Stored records
----------------

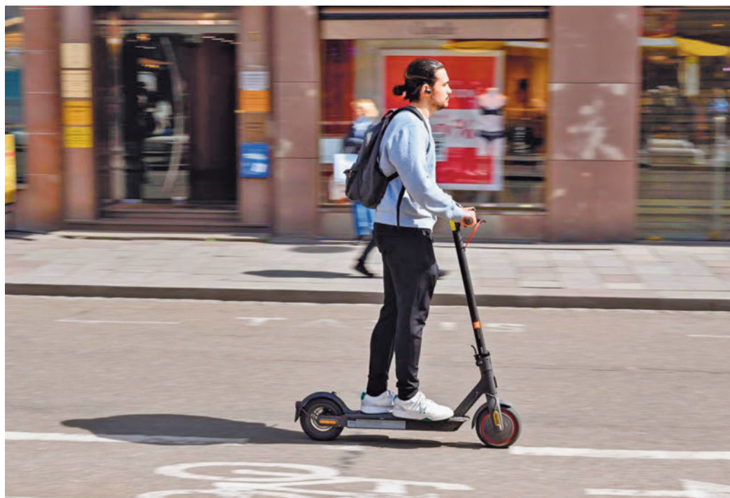
Los accidentes con patinetes eléctricos siguen al alza

Tres de cada cuatro afectados por un accidente eran hombres
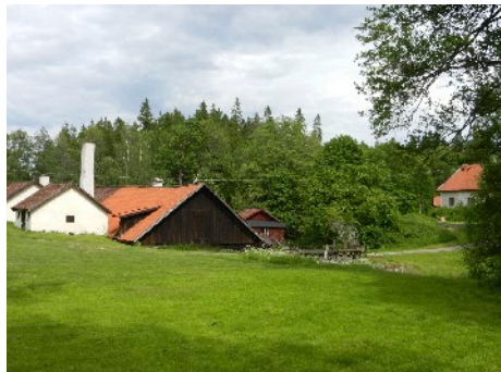
Klensmedja, gnisthus, hammarsmedja, såg och förvaltarbostad.
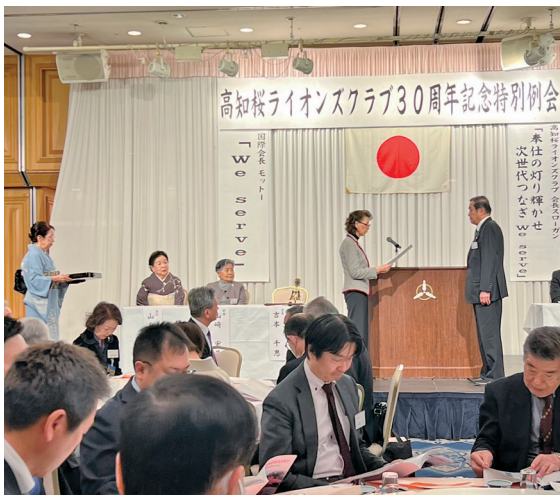
スポンサークラブへの感謝状
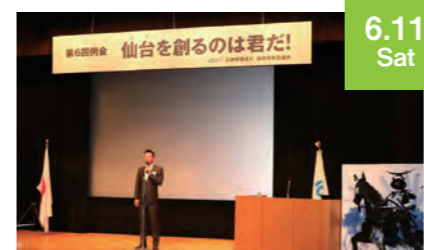
6.11 Sat 第6回公開例会

編集後記 本年度の仙台青年会議所は「未来を照らす光輝の輪を抜けよう!」をスローガンとし、活動を展開して参ります。震災を経て、これからの時代の仙台、宮城を築いていくために、皆が「丸」となり地域の光り輝く未来を思い描いていかねばならないと思っております。
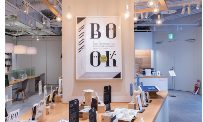
上:「COPY BOOK」がモチーフの展示会場 下:ライブラリー連動企画「2021受賞者によるセレクトブック展」のコーナー
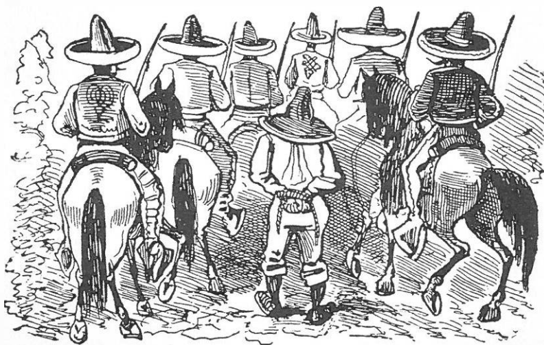
Fig. 5. José Guadalupe Posada. Campesino prisionero de los Rurales.
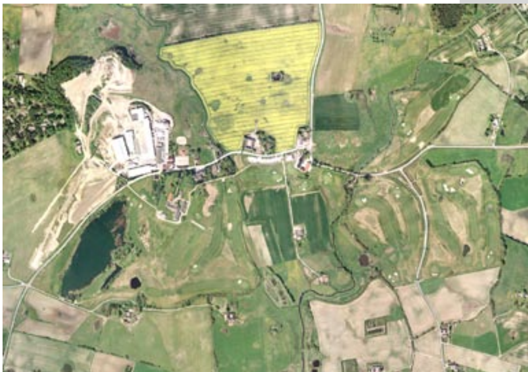
Luftfoto af golfbaneområdet
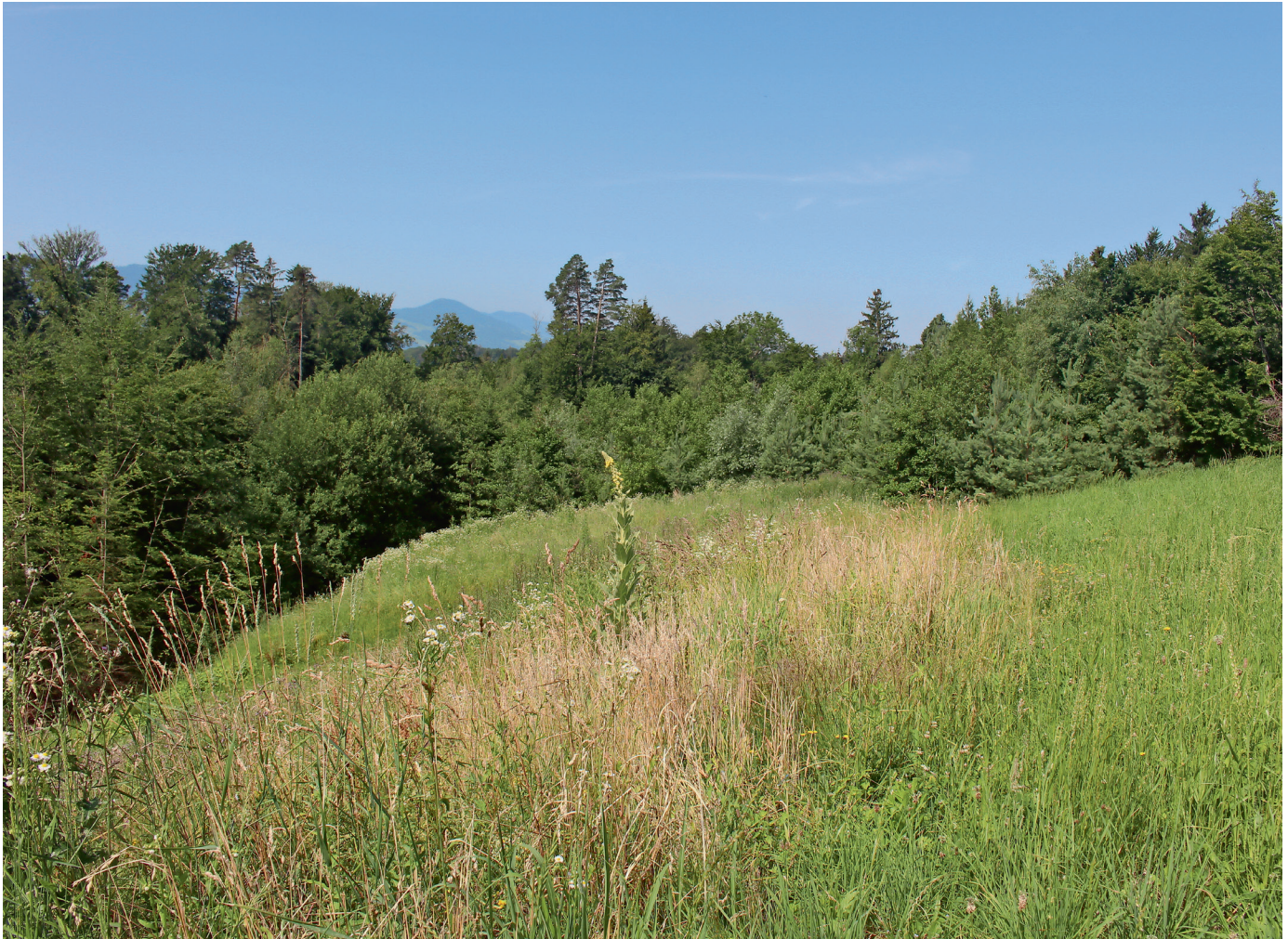
Renaturiertes Terrain des Steinbruchs Brand.

----------------

Once you reach the line containing "6.11 Sat 第6回公開例会", print it and every line after it exactly, through the end of the entries, without any pictures.

EXERCISE RESULT:
6.11 Sat 第6回公開例会

編集後記 本年度の仙台青年会議所は「未来を照らす光輝の輪を抜けよう!」をスローガンとし、活動を展開して参ります。震災を経て、これからの時代の仙台、宮城を築いていくために、皆が「丸」となり地域の光り輝く未来を思い描いていかねばならないと思っております。
上:「COPY BOOK」がモチーフの展示会場 下:ライブラリー連動企画「2021受賞者によるセレクトブック展」のコーナー
Fig. 5. José Guadalupe Posada. Campesino prisionero de los Rurales.
Luftfoto af golfbaneområdet
Renaturiertes Terrain des Steinbruchs Brand.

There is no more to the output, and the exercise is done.